Opini WTP itu dinilai hanya sekadar pencitraan bagi kepala daerah di hadapan masyarakat. Aksi suap Ade beserta anak buahnya terhadap 4 auditor BPK itu diungkap oleh Komisi Pemberantasan Korupsi (KPK) melalui operasi tangkap tangan (OTT).
Ade diduga menyuap para auditor itu sebesar Rp 1,9 miliar demi mendapatkan predikat opini WTP dalam laporan keuangan Pemerintah Kabupaten Bogor Tahun Anggaran 2021.
Koordinator Divisi Korupsi Politik Indonesia Corruption Watch (ICW) Egi Primayogha menilai kasus jual beli opini WTP dari BPK didorong oleh sejumlah alasan.

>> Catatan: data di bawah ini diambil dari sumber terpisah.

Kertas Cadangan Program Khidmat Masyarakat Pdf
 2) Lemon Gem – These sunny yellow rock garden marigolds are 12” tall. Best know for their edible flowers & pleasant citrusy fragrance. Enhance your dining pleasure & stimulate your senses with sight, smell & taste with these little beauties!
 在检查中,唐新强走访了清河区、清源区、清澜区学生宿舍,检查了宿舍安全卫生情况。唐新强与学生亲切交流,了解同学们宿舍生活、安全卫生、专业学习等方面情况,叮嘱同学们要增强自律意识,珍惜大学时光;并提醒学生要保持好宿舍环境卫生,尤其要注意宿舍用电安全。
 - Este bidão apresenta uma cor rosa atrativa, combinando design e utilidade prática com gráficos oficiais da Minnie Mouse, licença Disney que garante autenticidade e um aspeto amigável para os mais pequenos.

"Jual beli predikat karena itu condong dilakukan untuk menjaga gengsi atau membohongi publik, bahwa institusi yang dipimpinnya bersih dari korupsi," kata Egi dalam keterangan pers yang diterima Kompas.com, Kamis (28/4/2022).
"Padahal belum tentu demikian. Jangan sampai publik keliru memahami itu," lanjut Egi.

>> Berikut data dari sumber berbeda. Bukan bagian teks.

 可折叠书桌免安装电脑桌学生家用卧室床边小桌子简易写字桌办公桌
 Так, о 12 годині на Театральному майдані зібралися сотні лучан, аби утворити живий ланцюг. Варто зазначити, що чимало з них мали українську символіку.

Egi juga mengkritik BPK yang dinilai gagal dalam menjalankan instrumen pengawasan internal terhadap para auditornya. Bahkan dia menilai BPK yang seharusnya menjadi salah satu lembaga terdepan dalam upaya pemberantasan korupsi tidak serius melakukan pembenahan.

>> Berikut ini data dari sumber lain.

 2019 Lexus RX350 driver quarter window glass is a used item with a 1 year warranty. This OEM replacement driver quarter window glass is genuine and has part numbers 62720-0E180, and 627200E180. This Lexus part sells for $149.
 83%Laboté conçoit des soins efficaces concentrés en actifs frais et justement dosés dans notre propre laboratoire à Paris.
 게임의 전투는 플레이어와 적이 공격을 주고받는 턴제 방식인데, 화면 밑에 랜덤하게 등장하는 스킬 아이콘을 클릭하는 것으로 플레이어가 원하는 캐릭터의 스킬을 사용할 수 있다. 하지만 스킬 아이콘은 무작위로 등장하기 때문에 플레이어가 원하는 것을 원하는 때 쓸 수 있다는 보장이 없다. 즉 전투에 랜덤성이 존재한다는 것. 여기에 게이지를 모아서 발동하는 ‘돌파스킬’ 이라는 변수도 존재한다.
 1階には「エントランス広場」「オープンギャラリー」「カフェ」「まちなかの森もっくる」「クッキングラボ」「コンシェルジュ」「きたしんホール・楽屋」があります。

Egi mengatakan, predikat WTP tidak menjamin sebuah pemerintahan atau kementerian hingga lembaga negara bebas dari korupsi. Sebab, penekanan yang diberikan oleh BPK adalah kepatuhan terhadap peraturan perundang-undangan yang berlaku, ataupun laporan keuangan yang sudah sesuai dengan Standar Pelaporan Keuangan Negara.
"Kasus-kasus korupsi bahkan kerap terjadi di daerah yang mendapat predikat WTP," ucap Egi.
Kasus suap terhadap auditor BPK supaya mengutak-atik laporan keuangan demi opini WTP sudah beberapa kali terjadi dengan modus yang sama.
KPK menetapkan 8 orang tersangka termasuk Ade dalam perkara itu. KPK juga menyita uang dalam pecahan rupiah sebesar Rp 1,024 miliar yang diduga untuk menyuap 4 auditor BPK itu.
Ade diduga memerintahkan 3 anak buahnya yakni Sekdis Dinas PUPR Bogor Maulana Adam; Kasubid Kas Daerah BPKAD Bogor Ihsan Ayatullah, dan PPK pada Dinas PUPR Kab. Bogor Rizki Taufik untuk menyuap 4 pegawai BPK supaya mendapatkan predikat audit wajar tanpa pengecualian. Ketiganya turut menjadi tersangka.
Sebanyak 4 pegawai BPK yang menjadi tersangka penerima suap dalam perkara itu adalah Anthon Merdiansyah selaku Pegawai BPK Perwakilan Jawa Barat/Kasub Auditorat Jabar III/Pengendali Teknis, Arko Mulawan selaku pegawai BPK Perwakilan Jawa Barat/Ketua Tim Audit Interim Kab. Bogor, Hendra Nur Rahmatullah Karwita selaku pegawai BPK Perwakilan Jawa Barat/Pemeriksa, Gerri Ginajar Trie Rahmatullah selaku pegawai BPK Perwakilan Jawa Barat/Pemeriksa.
Menurut KPK, laporan keuangan Pemkab Bogor tahun anggaran 2021 buruk dan bisa berdampak terhadap kesimpulan disclaimer. Salah satu penyebabnya adalah auditor BPK menemukan penyimpangan dalam proyek perbaikan jalan Kandang Roda-Pakansari yang masuk dalam program Cibinong City A Beautiful.